MEMORANDUM AND ORDER
It is hereby ORDERED that the judgment so appealed from is unanimously affirmed.
Memorandum: On appeal from a judgment convicting him upon a plea of guilty of assault in the first degree (Penal Law § 120.10 [1]), defendant contends that his waiver of the right to appeal is invalid, that he was improperly sentenced as a second felony offender, and that his negotiated sentence is unduly harsh and severe. We conclude that, during the plea colloquy, Supreme Court “made clear to defendant that the right to appeal was separate and distinct from the other rights that are automatically forfeited upon a plea of guilty” (People v. Johnson, 140 A.D.3d 1738, 1738, 32 N.Y.S.3d 543 [4th Dept. 2016]) and specifically informed defendant that the waiver of the right to appeal precluded him from challenging the severity of the bargained-for sentence (see People v. Lopez, 6 N.Y.3d 248, 255-256, 811 N.Y.S.2d 623, 844 N.E.2d 1145 [2006]; cf. People v. Maracle, 19 N.Y.3d 925, 928, 950 N.Y.S.2d 498, 973 N.E.2d 1272 [2012]; People v. Fowler, 134 A.D.3d 1529, 1530, 21 N.Y.S.3d 909 [4th Dept. 2015], lv denied 27 N.Y.3d 996, 38 N.Y.S.3d 106, 59 N.E.3d 1218 [2016]). Consequently, defendant knowingly, voluntarily, and intelligently waived the right to appeal (see generally Lopez, 6 N.Y.3d at 256, 811 N.Y.S.2d 623, 844 N.E.2d 1145), and the valid waiver encompasses his challenge to the severity of the sentence (see generally People v. Lococo, 92 N.Y.2d 825, 827, 677 N.Y.S.2d 57, 699 N.E.2d 416 [1998]; People v. Hidalgo, 91 N.Y.2d 733, 737, 675 N.Y.S.2d 327, 698 N.E.2d 46 [1998]).

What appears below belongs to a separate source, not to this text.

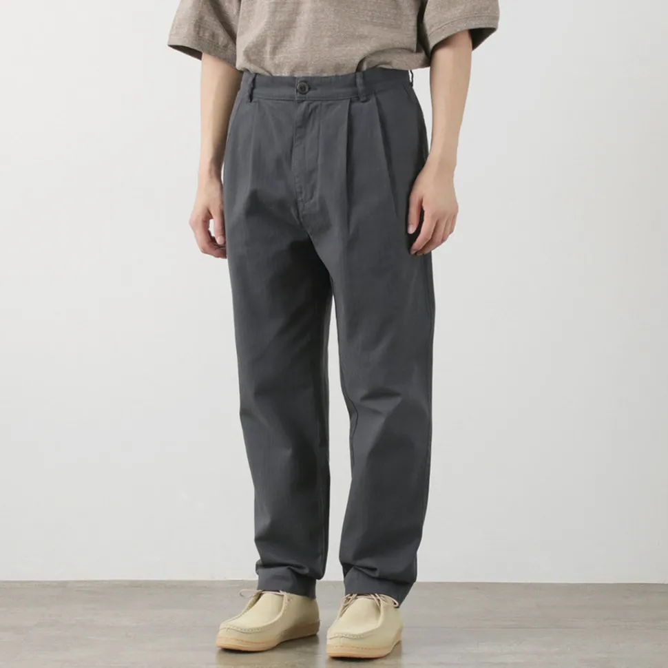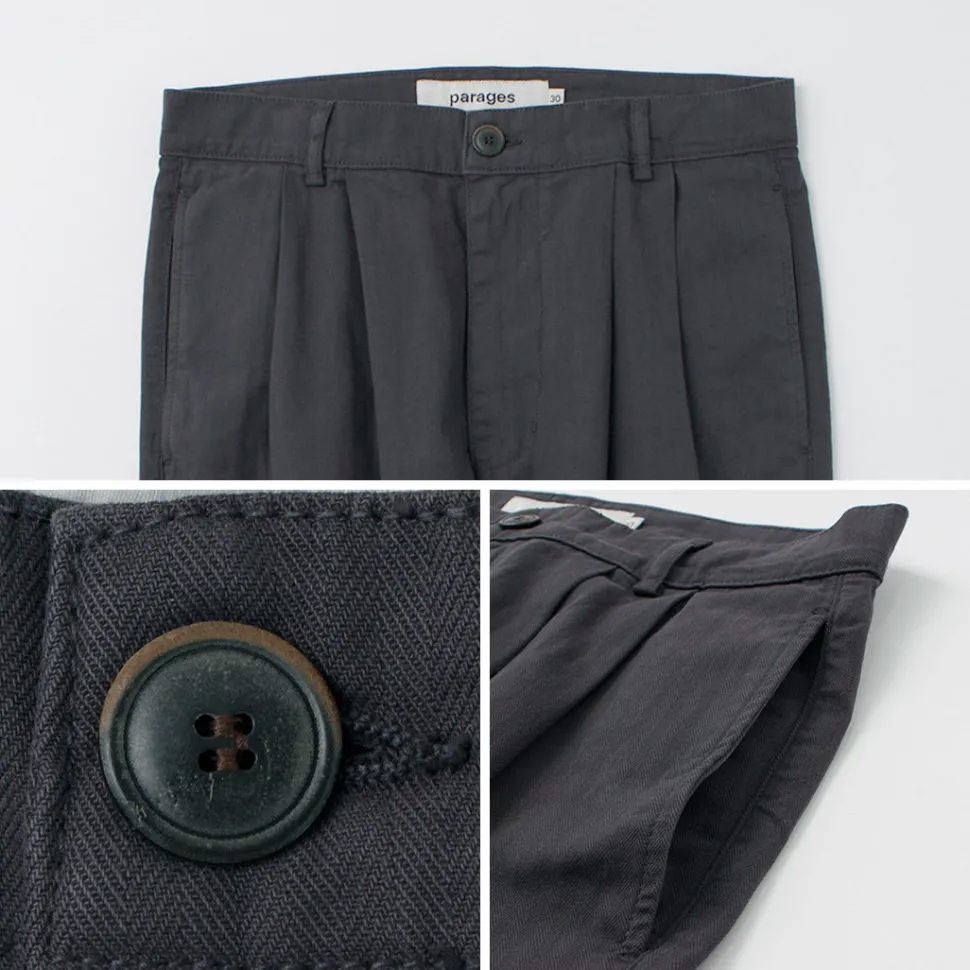 PARAGES introduces two-tuck trousers made of a luxurious herringbone fabric.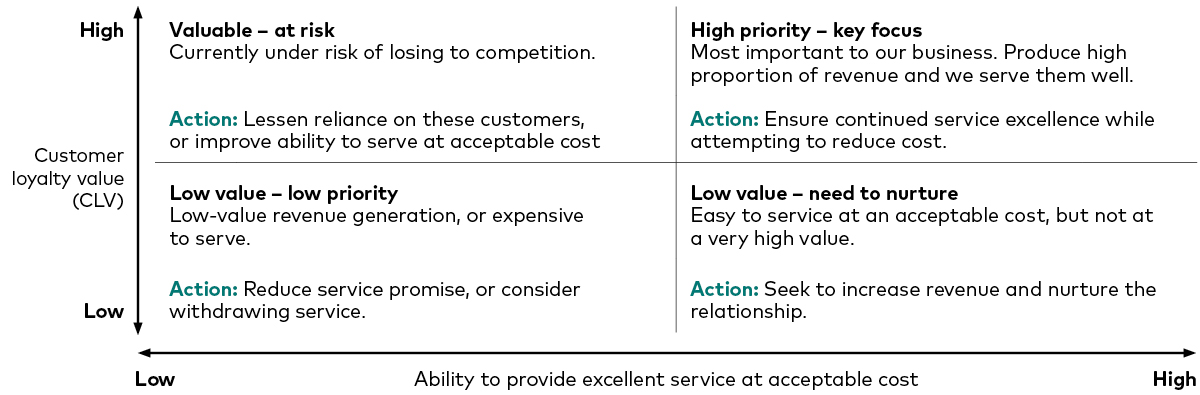 Low service at an acceptable cost / high value = need to nurture: these clients are also valuable, but they may not wish to pay for the highest level of service. Look for ways to provide cost-effective solutions that will still meet their needs.

With respect to defendant's contention that he was improperly sentenced as a second felony offender, the People correctly concede that a challenge to the legality of the sentence is not foreclosed by the valid waiver of the right to appeal (see Lopez, 6 N.Y.3d at 255, 811 N.Y.S.2d 623, 844 N.E.2d 1145; People v. Lopez, 164 A.D.3d 1625, 1625, 82 N.Y.S.3d 686 [4th Dept. 2018], lv denied 32 N.Y.3d 1174, 97 N.Y.S.3d 587, 121 N.E.3d 214 [2019]).
Defendant contends that he was improperly sentenced as a second felony offender because the federal predicate conviction is not the equivalent of a New York felony, but he failed to preserve that contention for our review (see People v. Wingfield, 181 A.D.3d 1253, 1254, 120 N.Y.S.3d 671 [4th Dept. 2020], lv denied 35 N.Y.3d 1050, 127 N.Y.S.3d 857, 151 N.E.3d 538 [2020], reconsideration denied 35 N.Y.3d 1098, 131 N.Y.S.3d 294, 155 N.E.3d 787 [2020]), and it does not fall within the narrow exception to the preservation rule that applies “when a sentence's illegality is readily discernible from the trial record” (People v. Santiago, 22 N.Y.3d 900, 903, 977 N.Y.S.2d 144, 999 N.E.2d 507 [2013]). Indeed, the record submitted to this Court is insufficient to determine whether the federal conviction is the equivalent of a New York felony. Inasmuch as, under these circumstances, “[a] CPL 440.20 motion is the proper vehicle for raising a challenge to a sentence as ‘unauthorized, illegally imposed or otherwise invalid as a matter of law’ (CPL 440.20 [1]), and a determination of second felony offender status is an aspect of the sentence” (People v. Jurgins, 26 N.Y.3d 607, 612, 26 N.Y.S.3d 495, 46 N.E.3d 1048 [2015]), we decline to exercise our power to review defendant's contention as a matter of discretion in the interest of justice (see Wingfield, 181 A.D.3d at 1254, 120 N.Y.S.3d 671; cf. People v. Hall, 149 A.D.3d 1610, 1610, 51 N.Y.S.3d 478 [4th Dept. 2017]).
Defendant also contends that he was improperly sentenced as a second felony offender because the predicate felony offender statement failed to include the requisite tolling periods. Defendant, however, failed to preserve that contention and it is not reviewable under the narrow illegal sentence exception to the preservation requirement because the illegality of the sentence is “not ‘readily discernible from the trial record’ ” (People v. Lashley, 37 N.Y.3d 1140, 1141, 159 N.Y.S.3d 391, 180 N.E.3d 555 [2021]).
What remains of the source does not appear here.